Or maybe I could have it as some sort of awesome Sea Monster (Leviathan, Kraken etc)






If you look in the finish there is totally a face underneath the bridge, perhaps some form of mer-man/mer-gent/mer-chap. That could so be Triton! Or maybe just Okeanos!

I like the idea of a Siren. Or maybe Tethys. But Siren more as that way there is less "Yeah I'm totally into Mythology and totally didn't fail Classics at school"

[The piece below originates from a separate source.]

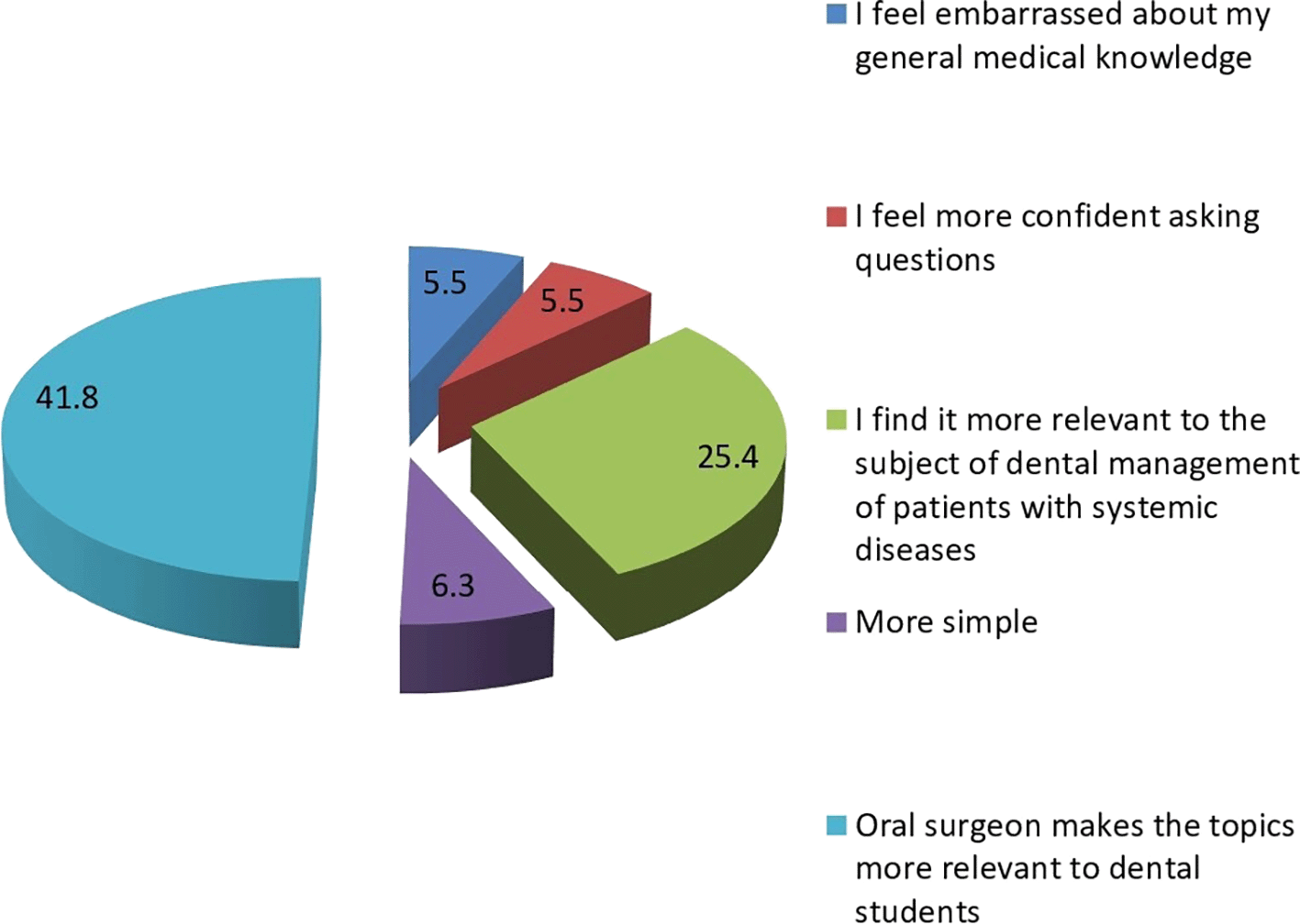 Figure 3 shows that students who think GS helps better understand OS have a comfortable majority among the participants. However, students think that GS could help to some extent in understanding OS is higher than students who think GS could provide considerable help in this matter. Understandably, the Chi-Square Test showed a highly significant relationship (P = 0.000) between the relevance of GS to OS and the extent to which GS help in understanding OS. Surprisingly, a considerable majority of the students (almost 70%) wished to become oral and maxillofacial OMF surgeons ( Table 1). This wish does not seem to be influenced by the students’ gender. The chi-square Test showed no statistically significant difference (P = 0.313) between males and females in their willingness to become OMF surgeons. General surgery lectures were given by an oral surgeon to approximately two-thirds of the participants. This percentage is comparable to the percentage of students who wish to receive GS lectures by oral surgeons. Similarly, the percentage of students who were given the subject by a physician and the percentage of students who were given general surgery lectures by a physician. The reason for the students’ preferences toward the oral surgeon is illustrated in Figure 4. Around half of the respondents prefer GS to be given by an oral surgeon as he/she makes the subject more relevant to dentistry. Another important reason is related to the fact that GS, when performed by an oral surgeon, helps to better understand the management of systemic diseases from a dental perspective. Other reasons, such as simplicity, embarrassment, and being more comfortable asking questions, share a minority of the remaining responses.

Maya? Siren? I don't know. Let me know your thoughts peoples


----------



## yacker

Holy shit dude.....

I think it looks like bubbles streaming to the surface.....in the tropics. My god.


----------



## Fred

Haha, can't believe I read that whole rant. Definitely don't call it Siren - the only circumstance in which I can picture that being a name is as a behind-closed-doors nickname for some kind of loud, irritating woman. If you were going for something like that, I'd go for Naiad.

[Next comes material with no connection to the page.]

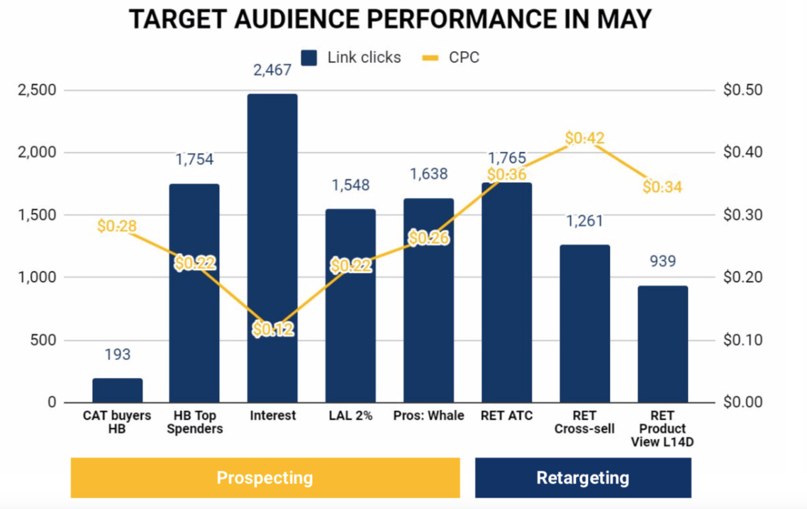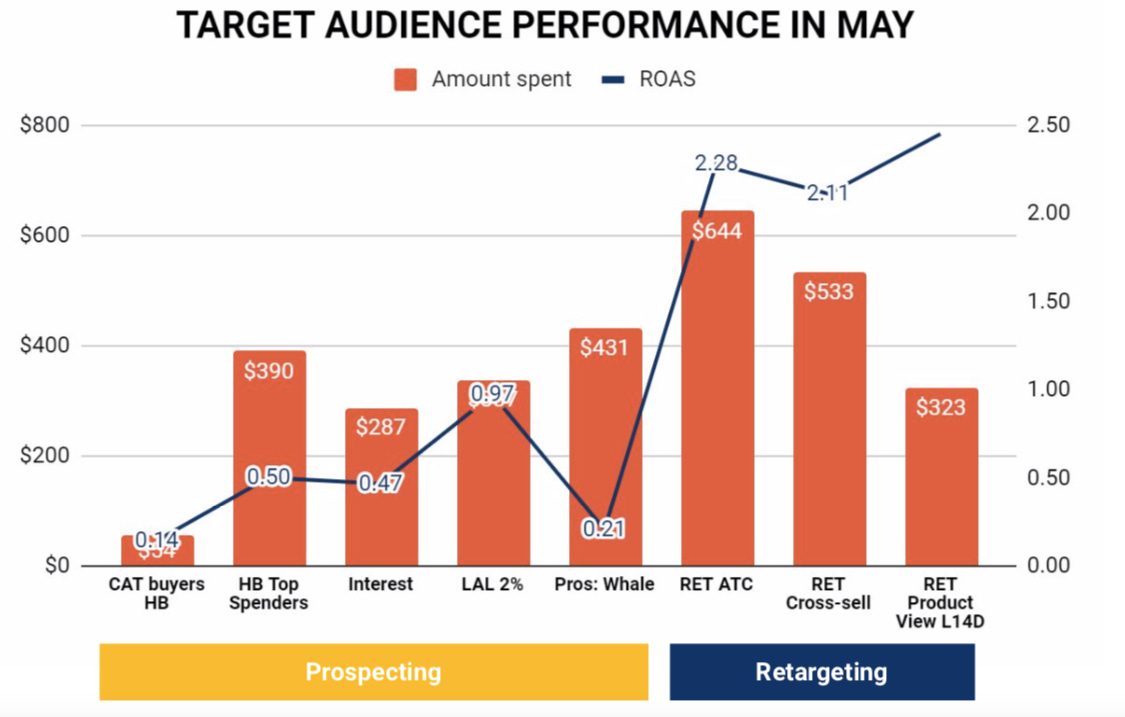 ROAS của nhóm prospecting thấp hơn hẳn ROAS của nhóm retargeting, nhóm đối tượng mới thì khó ra quyết định mua hàng.

Maya's decent; wouldn't go for the truss rod cover idea myself though, on the basis that it could just end up looking like one of this dickhead tattoos people get in Arabic or Asian scripts so that they can try and disguise how banal the meaning of the tattoo actually is.


----------



## Roo

I wasn't really thinking of calling it "Siren" more of one of the Sirens or something on that nature. Now you mention it I'd imagine Siren to be that sort of loud irritating woman, but with a considerable (hideously undesirable) booty, 2 inch acryllic nails and a group of friends only distinguishable by their names such as Larronda and Shanequa. Nice

Yeah the truss cover would be a lame little afterthought like that. I hate those tattoos!. Good call sir. Pretention avoided!


----------



## Fred

Ahhh, fair enough. Yeah, that could be pretty cool, or possibly go for Lorelei or something along those lines.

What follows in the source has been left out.